In Gothard v Davey [2010] FCA 1163, the court had established several matters that assisted in determining the correct employing entity in the Branded Media case. Gothard v Davey looked at which entity:

  • Had practical and legal control and direction of the employees;
  • Made decisions about hiring, disciplinary issues and remuneration;
  • Actually paid remuneration;
  • Communicated with employees in respect of leave; and
  • Made decisions about the termination of employment.

Despite being the named employer, Holdings did not carry out these activities or hold any control or interest in decisions relating to these matters.

In a second case, Re C&T Grinter Transport Services Pty Ltd (in liq) [2004] FCA 1148, Justice Finn summarised that there are “several considerations that were relevant to identifying which of two or more possible entities was the employing company” and “the totality of the circumstances surrounding the relations of the various parties, including conduct subsequent to the creation of an alleged employment relationship, is relevant to the assessment”, and “documentation created by one or more of the parties describing or evidencing an apparent employment relationship will be relevant to, but not necessarily determinative of, the true character of that relationship”.

In the Branded Media case, the subsidiary, Holdings, listed ‘on paper’ as the employer, had no assets or income from which it could pay employee entitlements and did not receive any payment from its parent company, BNM, for its services. BNM, on the other hand, received the benefit of services provided by the employees, paid the employee salaries and entitlements, conducted business and generated revenue from which it could meet its obligations to employees, charged other entities for employee services provided, and generally made decisions regarding the employment and termination of employees.

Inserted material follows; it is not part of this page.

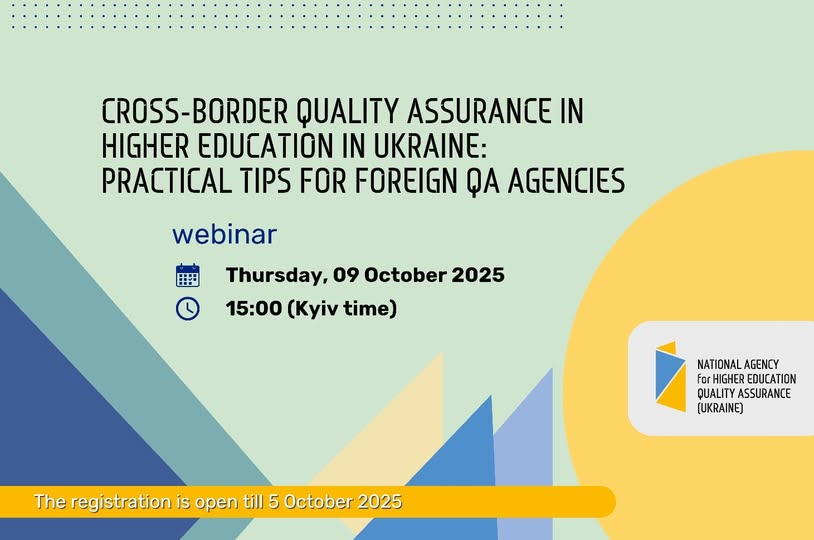 Національне агентство із забезпечення якості вищої освіти продовжує реєстрацію на англомовний вебінар “Cross-Border Quality Assurance in Higher Education in Ukraine: Practical Tips for Foreign QA Agencies” для представників іноземних акредитаційних агентств та усіх зацікавлених.

Employees also acted as representatives of BNM, including on business cards and branded email signatures.

It comes down to the “practical reality”

It was held, in the Branded Media matter, that BNM was the actual employing entity given the substance and reality of the relationship between BNM and the employees. The absence of an “intelligible business objective” for the arrangement between Holdings and BNM – for example an on-charge for services to BNM (and other entities) or a bank account or accounting structure that enabled the company to meet its obligations as an employer – meant that Holdings was incapable of meeting its obligations as an employer.

So, if you’re operating as a group of companies, remember that it’s the “practical reality of the relationship [that] will determine which of two possible entities is the employer”[1] and not merely the company you’ve listed as the ‘employer of record’.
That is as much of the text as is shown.